В гетто у нас не было дома, нам достался чердак в чужом доме. Папа взял скрипку, самая дорогая наша довоенная вещь, папа хотел ее продать. У меня была тяжелая ангина. Я лежала... Лежала с высокой температурой и не могла разговаривать. Папа хотел купить каких-нибудь продуктов, он боялся, что я умру. Умру без мамы... Без маминых слов, без маминых рук. Я, такая балованная... Любимая... Ждала я его три дня, пока знакомые не передали, что папу убили... Сказали, что из-за скрипки... Не знаю, была ли она дорогая, папа, уходя, сказал: «Хорошо, если дадут банку меда и кусок масла». Ой, что вы! Я - без мамы... Без папы...
Пошла искать папу... Хотела найти его хотя бы мертвого, чтобы мы были вдвоем. Была я светлая, а не черная, светлые волосы, брови, и меня в городе никто не тронул. Я пришла на базар... И встретила там папиного друга, он уже жил в деревне, у своих родителей. Тоже музыкант, как и мой папа. Дядя Володя. Я все ему рассказала... Он посадил меня на телегу, накрыл кожухом. На телеге пищали поросята, кудахтали куры, ехали мы долго. Ой, что вы! До вечера ехали. Я спала, просыпалась...
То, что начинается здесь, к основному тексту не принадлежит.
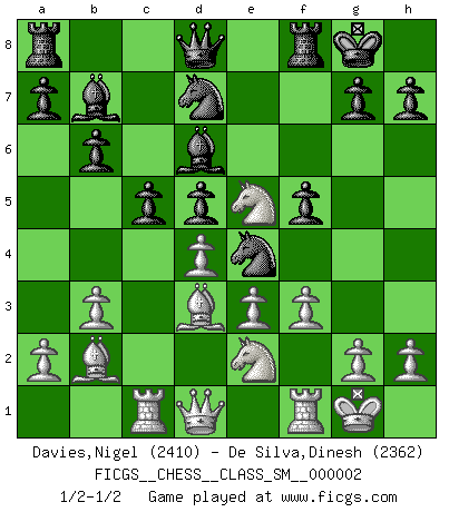 Last move : 1/2-1/2 2006 December 1 7:0:5 [Event "FICGS__CHESS__CLASS_SM__000002"] [Site "FICGS"] [Date "2006.09.01"] [Round "1"] [White "Davies,Nigel"] [Black "De Silva,Dinesh"] [Result "1/2-1/2"] [WhiteElo "2410"] [BlackElo "2362"] 1.d4 Nf6 2.c4 e6 3.Nf3 b6 4.e3 Bb7 5.Bd3 d5 6.cxd5 exd5 7.Nc3 Nbd7 8.O-O Be7 9.b3 O-O 10.Bb2 Ne4 11.Rc1 f5 12.Ne2 Bd6 13.Ne5 c5 14.f3 1/2-1/2 Queen's Indian : 4.e3 Kingside Castling by player White (move 8) Kingside Castling by player Black (move 9) This chess game ended in a draw. Follow this game move after move (download)Blessed be the memory of him who gave the world this immortal game. (A. G. Gardiner) Ich verstehe den Grund nicht, warum die Aufteilung in Frauen und Männer überhaupt im Schach besteht. (Judith Polgar) Los asuntos humanos son como una partida de Ajedrez: solo aquellos que no lo toman seriamente, pueden ser llamados buenos jugadores. (Hung Tzu Ch'eng) Mon pion favori sur ma case favorite ! Bronstein en parlant d'un coup de pion en h5 quand il avait les Noirs. When I took office, only high energy physicists had ever heard of what is called the World Wide Web... Now even my cat has its own page. (Bill Clinton, 1996)
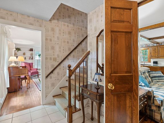 The exterior shows a classic Garrison style architecture, featuring a welcoming facade with a blend of brick, clapboard siding. Inside, the home greets you with a mix of hardwood, tile, and pine flooring that enhances its rustic appeal. Sun-drenched rooms throughout the house are bathed in natural light, creating a bright and airy atmosphere that uplifts the spirits year-round.
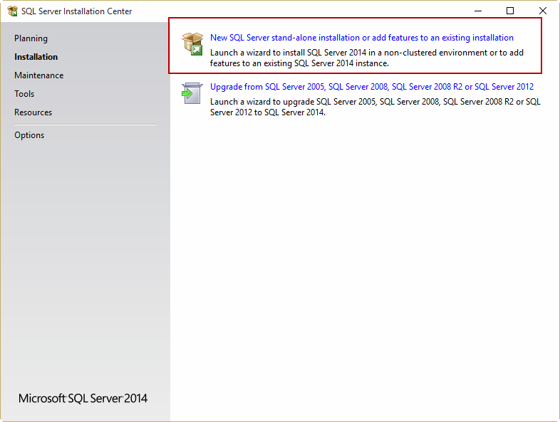 - Select Perform a new installation of SQL Server 20XX (Figure 3.2)
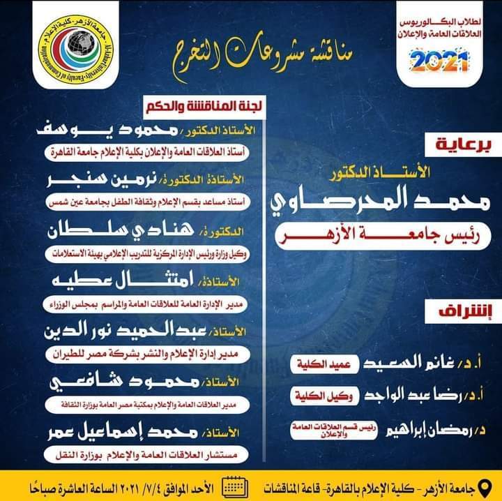 وإشراف عام من الدكتور "سامح البدري" والدكتور "علاء خليفة" المدرسين بالكلية، يقدم طلاب قسم العلاقات العامة بكلية الإعلام جامعة الأزهر عددًا من مشروعات التخرج التي تميزت بالرؤى الثاقبة والأفكار الجيدة التي تساهم في مسيرة التنمية والتطوير كونها لامست الواقع وسلطت الضوء على متطلبات الوقت الراهن وكذلك المستقبل من خلال طرح القضايا وإيجاد الحلول.

Так попала к партизанам...»
Мария Тимофеевна Савицкая-Радюкевич, партизанская связная
«Немцы въехали в деревню... На больших черных мотоциклах... Я глядела на них во все глаза: они были молодые, веселые. Все время смеялись. Они хохотали! Сердце останавливалось, что они здесь, на твоей земле, и еще смеются.
Я только мечтала, чтобы отомстить... Воображала, как погибну, и обо мне напишут книгу. Останется мое имя. Это были мои мечты...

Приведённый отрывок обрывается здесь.